Now with regard to historic claims and empirical evidence, we have archeology to bridge that gap. As the timeline gets longer between the event and the archeological discovery, we need a methodology to determine what is the most likely scenario, and even then we have to understand that the ravages of time and nature are going to work against us. All historians understand that dynamic. That's where those ten tests of reliability come into play. Documents don't survive carbon dating. So we do need a scientific method to determine reliability. No historian approaches the subject with absolute objectivity. It's impossible and dishonest to say otherwise. that's why the ten tests exist. They can (if done correctly) neutralize the bias of a document's author, and they can also neutralize the bias of the historical researcher to the maximum extent possible. That's why I swear by them.


"That's why I swear by them."

You swear by complete conjecture and wishful thinking then, and you belief in these things are apparent. But improvisation is needed to make belief into real evidence, so you in fact hold only a hand of three, three dollar bills.

“Think&Care”

Since: Oct 07

Location hidden

#172808 Jul 22, 2013
Roman Apologist wrote:
<quoted text>
I see what you mean and I can agree with your reasoning with regard to a physics experiment.

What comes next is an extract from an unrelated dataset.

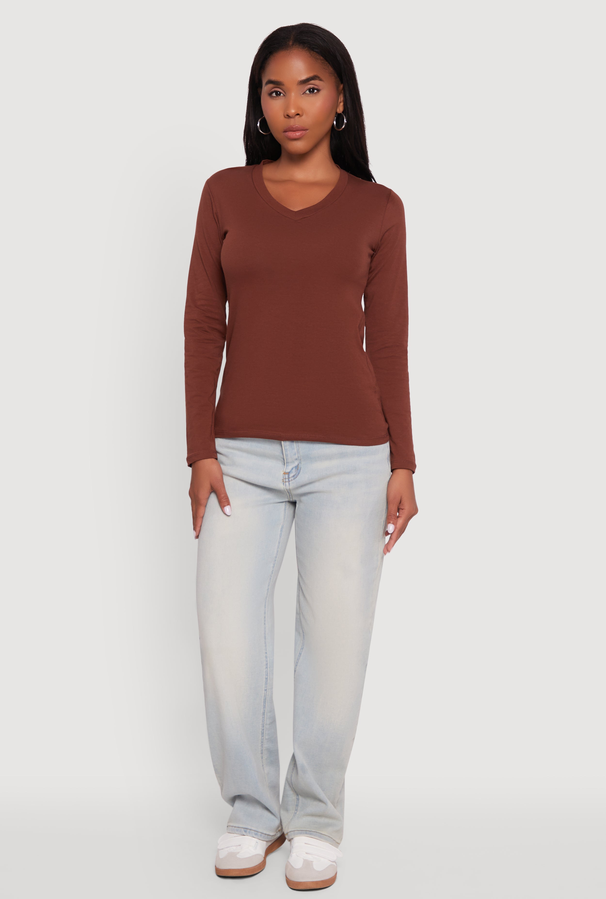 V-Neck Long Sleeve Solid T-Shirt

I never really worried too much about what I couldn't see. That's what fascinates me about people who live their lives in such a way that everything has to pertain to the five senses and nothing outside that philosophy is of importance. I've just never understood the big deal behind empiricism as a life shaping philosophy.
It is a mistake to equate empiricism with the claim that everything has to pertain to the five senses, at least if you take that strictly.

For example, empiricism has been used to demonstrate the existence of many things that are beyond our senses: radio, ultra-violet rays, neutrons, neutrinos, ultra-sound, various types of radioactivity, etc. Our eyes can detect only a very small part of the electromagnetic spectrum. Our ears have a larger range in terms of octaves, but dogs can hear much higher sounds than we can.

With that said, the *starting* point is the five senses. From those, we can learn how to detect things we cannot see or hear.
Now with regard to historic claims and empirical evidence, we have archeology to bridge that gap. As the timeline gets longer between the event and the archeological discovery, we need a methodology to determine what is the most likely scenario, and even then we have to understand that the ravages of time and nature are going to work against us. All historians understand that dynamic. That's where those ten tests of reliability come into play. Documents don't survive carbon dating. So we do need a scientific method to determine reliability. No historian approaches the subject with absolute objectivity. It's impossible and dishonest to say otherwise. that's why the ten tests exist. They can (if done correctly) neutralize the bias of a document's author, and they can also neutralize the bias of the historical researcher to the maximum extent possible. That's why I swear by them.
I missed where you enumerated the ten tests. And yes, archeology can add to the data to consider. By not having the inherent biases of an author, it allows a bit more objectivity, but we still have the biases of the archeologist. The latter tend to be cultural and unintentional, but they still exist, just like the biases of the historians. There is now, at least, a tendency to attempt to point out such biases and learn how to minimize them in professional work.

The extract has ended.